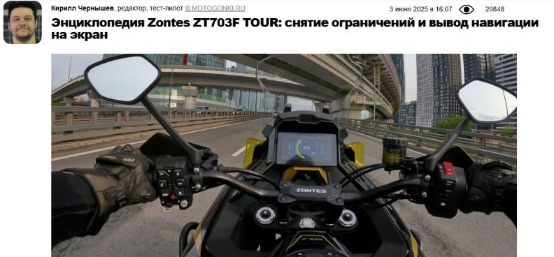 Редактор и тест-пилот издания «Мотогонки.ру» Кирилл Чернышев завершил боевое крещение ZONTES ZT703-F TOUR. За 4 дня мотоцикл прошёл 1000-километровую обкатку по маршруту Москва – Тверь – скоростная трасса М11.
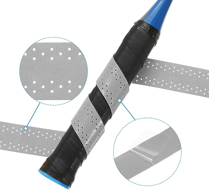 PATIKIL 43.3" テニスラケットグリップテープ 9パック PUオーバーグリップ パンチング加工 吸水性 ノンスリップ バドミン トン 釣り竿 用 グレー
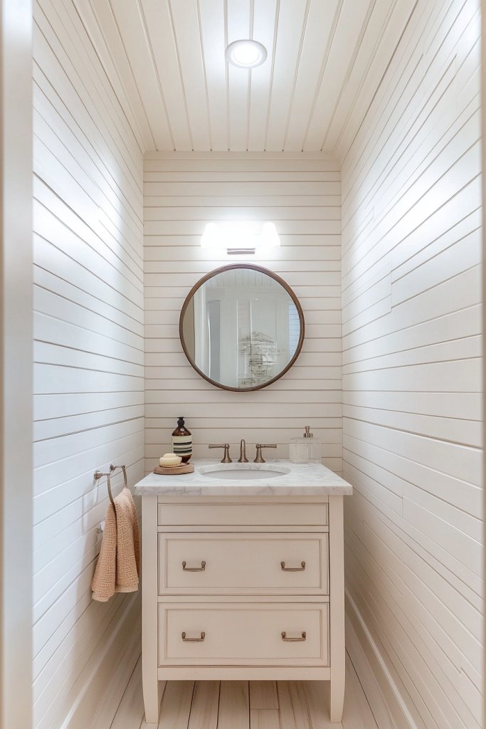 5. Shiplap Accent Wall Behind the Vanity for Focus
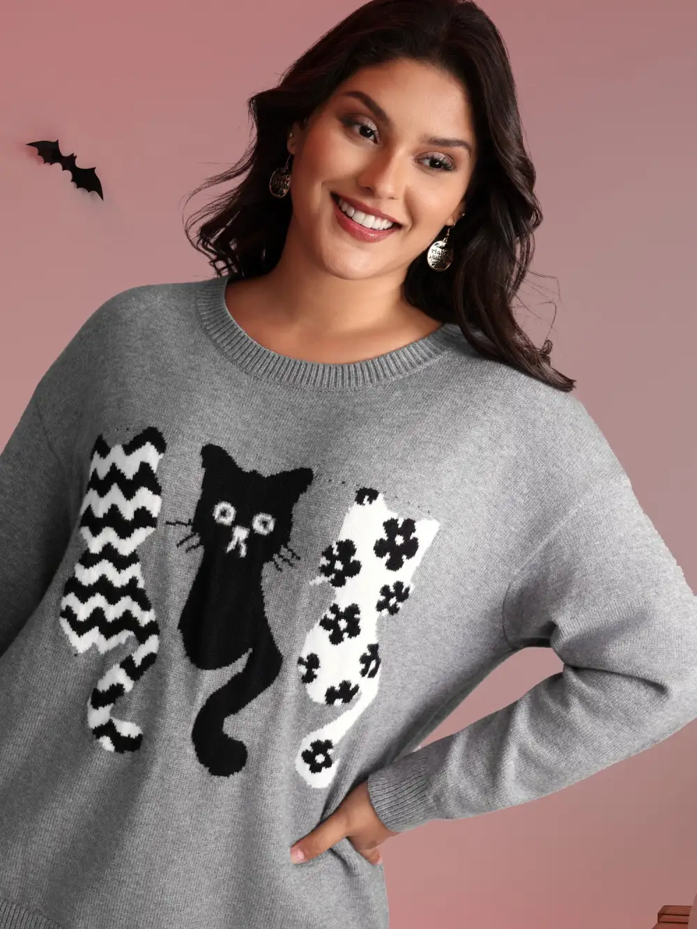 Shop Spooky Cats Jacquard Pattern Pullover now and redefine your style with confidence at BloomChic. Tailored for mid and plus-size women. This trendy Sweaters Cardigans Women, sizes 10-30. Color:DarkGray;Neckline:Round Neck;Sleeve Type:Drop shoulder sleeve;Pattern Type:Animals;Prints:Non;Pocket:No-pocket;Belt:No-belt;Closure Type:Non
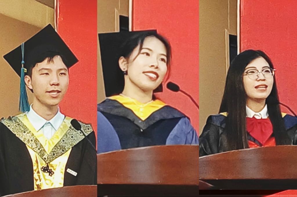毕业生代表高分子1803班祝晗旭、化学工程与技术2019级茅沁怡、化学工程与技术2018级梁雪分别代表本硕博毕业生发言,讲述了各自与学院四年、七年和九年的缘分与情谊,表达了对母校、对学院、对老师的感恩之情,对踏上人生新征程的坚定信心。
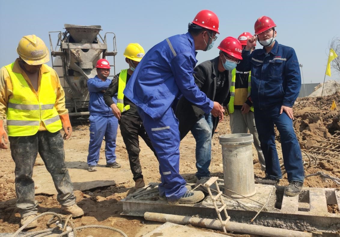 本工程自2022年2月17日開工,至2022年5月10日完成全部合同內(nèi)容。本工程的工程樁負(fù)孔深度和氣化框架的樁頂標(biāo)高均在-5.3m,尿素裝置的樁頂標(biāo)高為-3.0m和-4.0m兩種,施工時樁頂混凝土超灌和樁頭質(zhì)量控制是本項(xiàng)目的一個重點(diǎn)。為保證灌注樁施工過程中樁頂超灌和樁頭質(zhì)量,項(xiàng)目部現(xiàn)場制作了撈渣器,嚴(yán)格控制超灌高度。經(jīng)開挖檢驗(yàn),現(xiàn)場樁頭未存在質(zhì)量問題。

**WHAT THE EXERCISE ASKS**
Could you retype all the entries exactly, skipping the pictures?

**SOLUTION FOR THIS PROBLEM**
 Редактор и тест-пилот издания «Мотогонки.ру» Кирилл Чернышев завершил боевое крещение ZONTES ZT703-F TOUR. За 4 дня мотоцикл прошёл 1000-километровую обкатку по маршруту Москва – Тверь – скоростная трасса М11.
 PATIKIL 43.3" テニスラケットグリップテープ 9パック PUオーバーグリップ パンチング加工 吸水性 ノンスリップ バドミン トン 釣り竿 用 グレー
 5. Shiplap Accent Wall Behind the Vanity for Focus
 Shop Spooky Cats Jacquard Pattern Pullover now and redefine your style with confidence at BloomChic. Tailored for mid and plus-size women. This trendy Sweaters Cardigans Women, sizes 10-30. Color:DarkGray;Neckline:Round Neck;Sleeve Type:Drop shoulder sleeve;Pattern Type:Animals;Prints:Non;Pocket:No-pocket;Belt:No-belt;Closure Type:Non
毕业生代表高分子1803班祝晗旭、化学工程与技术2019级茅沁怡、化学工程与技术2018级梁雪分别代表本硕博毕业生发言,讲述了各自与学院四年、七年和九年的缘分与情谊,表达了对母校、对学院、对老师的感恩之情,对踏上人生新征程的坚定信心。
 本工程自2022年2月17日開工,至2022年5月10日完成全部合同內(nèi)容。本工程的工程樁負(fù)孔深度和氣化框架的樁頂標(biāo)高均在-5.3m,尿素裝置的樁頂標(biāo)高為-3.0m和-4.0m兩種,施工時樁頂混凝土超灌和樁頭質(zhì)量控制是本項(xiàng)目的一個重點(diǎn)。為保證灌注樁施工過程中樁頂超灌和樁頭質(zhì)量,項(xiàng)目部現(xiàn)場制作了撈渣器,嚴(yán)格控制超灌高度。經(jīng)開挖檢驗(yàn),現(xiàn)場樁頭未存在質(zhì)量問題。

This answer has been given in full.